Monday, 8 November 2010

Making newspapers - as addictive as ever

An illustration of the box juggling pattern.Image via WikipediaThis hasn't been the most updated blog recently but that's because, for a while, I found myself doing two jobs. I'm back doing just the one now but it's a bit different to what I've been doing for the past two years. To start with it left me somewhat mentally taxed, and not a little perplexed.
This demanding new job is... making newspapers.
My usual job as executive editor, digital, sees me editing print titles on an ad hoc basis (and the Echo on a Sunday rota) but generally my multimedia day is more weighted towards the web, mobile, online journalism and online strategies or projects. But for the past month I've been on a job swap with the executive editor, Echo, and for a chunk of that time, due to absences, I was also engaged in day-to-day digital editrixery as well.
All this was set, Margaret Mitchell-style, against a backdrop of the Liverpool FC club sale/saga - a frenzy that sent reader usage spiralling upwards and led to near record print and online figures.

Some days started at 7am and ended at 10pm, several front pages were made during the course of edition changes but never actually lived to see it to the presses because the story had zoomed forward during that short window, and on the day of the actual sale there was a special Late Final edition of the Echo.
Here's one that never made it out into the world...
A front page that didn't make it

... as, in the 20 minutes between designing that and the edition being sent to press, the LFC sale had moved on again and taken the lead slot on the front. It was relentless, frustrating and exciting. I was happy we still had an on-day edition of the Echo, and sad that the 3pm late City Final edition was no more. And I was delighted that online we could react/predict fast enough to keep ahead of things.

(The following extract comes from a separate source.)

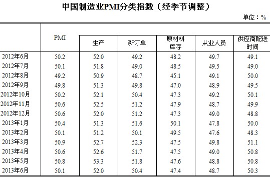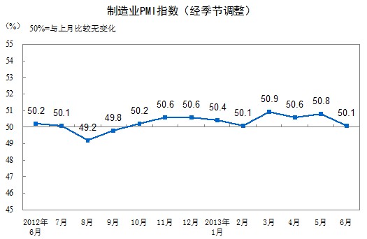 2013年6月,中國制造業(yè)采購經(jīng)理指數(shù)(PMI)為50.1%,比上月回落0.7個(gè)百分點(diǎn)。

Print or online, changes were made only when people were absolutely confident of their sources. When the tip came through that the sale had been completed we were nearing absolute deadline to make page changes for a one-off Late Final edition (about 2pm) and still no white smoke had emerged from the room where Christian Purslow, Martin Broughton, NESV representatives and various legal types were closeted, difficult choices had to be made.We had a solid tip, but no confirmation... was it enough for a late final?
Everyone in the newsroom was becoming increasingly desolate as the late special idea looked set to fall down. The confirmation came, we managed to get it online (and cached, for once) before Sky and the BBC were even reporting it and there were celebrations at landing a web exclusive.

Then it turned out we had a print one as well... Echo editor Ali Machray had quietly got the front page change made - including a story announcing the sale, and had sent to the printers on the off-chance. So bundles of the latest news were in vans heading back to outlets on Merseyside...bundles that would have been pulped if no announcement had come through.
It was a true real leap of faith and it paid off.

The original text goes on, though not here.